YEC Members Share Social Impact Ideas for Product-Based Businesses

Founding a product-based business requires focus, dedication and commitment. Now add social good into the mix. How does it impact your brand? Is there a marketing benefit? Basically — what happens when you combine global impact and a product-based business model?

YEC spoke with three founders who are doing just that. They have built companies with some serious social missions. And while there is no standard formula for making this type of startup thrive, there are quite a few similarities between their successful strategies.

Get Your Customer Involved

Giving back has always been celebrated, but it hasn’t always been cool. Bridget Hilton and Joe Huff of LSTN, a for-purpose company that sells unique headphones made from different styles of reclaimed wood, want to change that. They use a portion of their headphone sales to give hearing aids to those in need through their partnership with the Starkey Hearing Foundation. They also use their marketing budget to accompany Starkey on missions to Peru, Kenya and Uganda and take footage of the fittings.

“We really wanted to set out to make it the coolest thing ever to be a part of something -- and make it really easy,” says Hilton.
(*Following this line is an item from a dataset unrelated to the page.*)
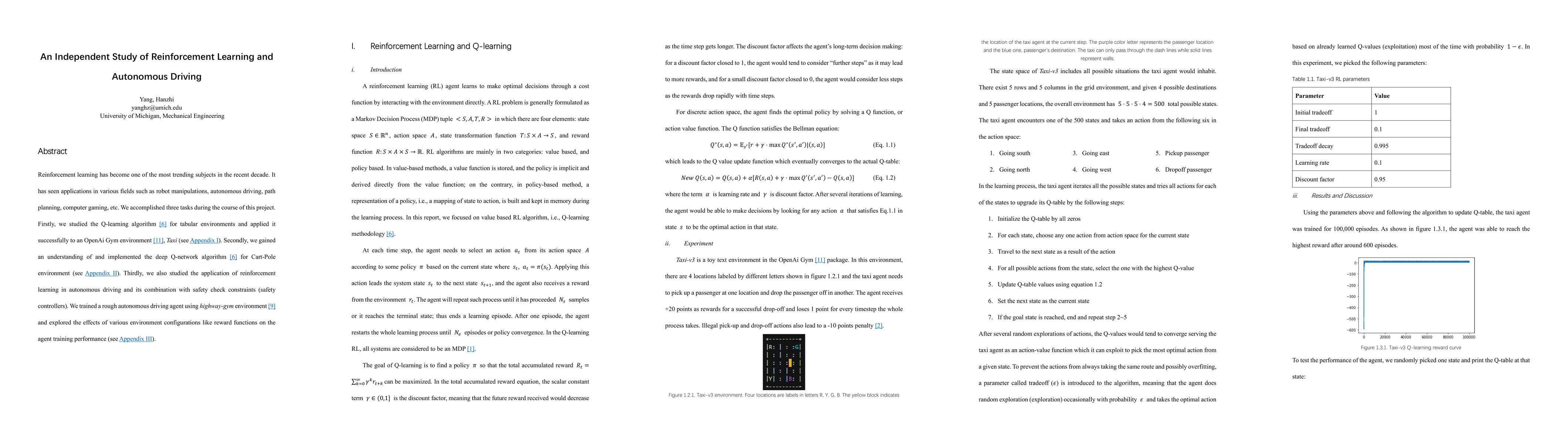 Reinforcement learning has become one of the most trending subjects in the recent decade. It has seen applications in various fields such as robot manipulations, autonomous driving, path planning, computer gaming, etc. We accomplished three tasks during the course of this project. Firstly, we studied the Q-learning algorithm for tabular environments and applied it successfully to an OpenAi Gym environment, Taxi. Secondly, we gained an understanding of and implemented the deep Q-network algorithm for Cart-Pole environment. Thirdly, we also studied the application of reinforcement learning in autonomous driving and its combination with safety check constraints (safety controllers). We trained a rough autonomous driving agent using highway-gym environment and explored the effects of various environment configurations like reward functions on the agent training performance.

They post videos to their company site and on social media to keep customers updated on how their purchases are helping give the gift of hearing.

Jake Kloberdanz, CEO of nonprofit ONEHOPE Wine, had his heart set on a giving model from the very beginning. They give a portion of their wine sales to different partner causes, each with a particular mission. Social impact was built into the concept from day one: “When I first started the company, I wanted to create the adult version of Girl Scout Cookies,” says Kloberdanz. Customers can choose what cause to support based on the type of bottle they purchase. For example, a percentage of proceeds earned from their 2011 California Zinfandel goes to supporting our troops. Another part of ONEHOPE Wine’s business model includes mentoring 10 other small business through their “Social Impact as a Service” program. For a small fee, ONEHOPE gives the startups access to their tracking software and helps them determine factors such as how much they can afford to give.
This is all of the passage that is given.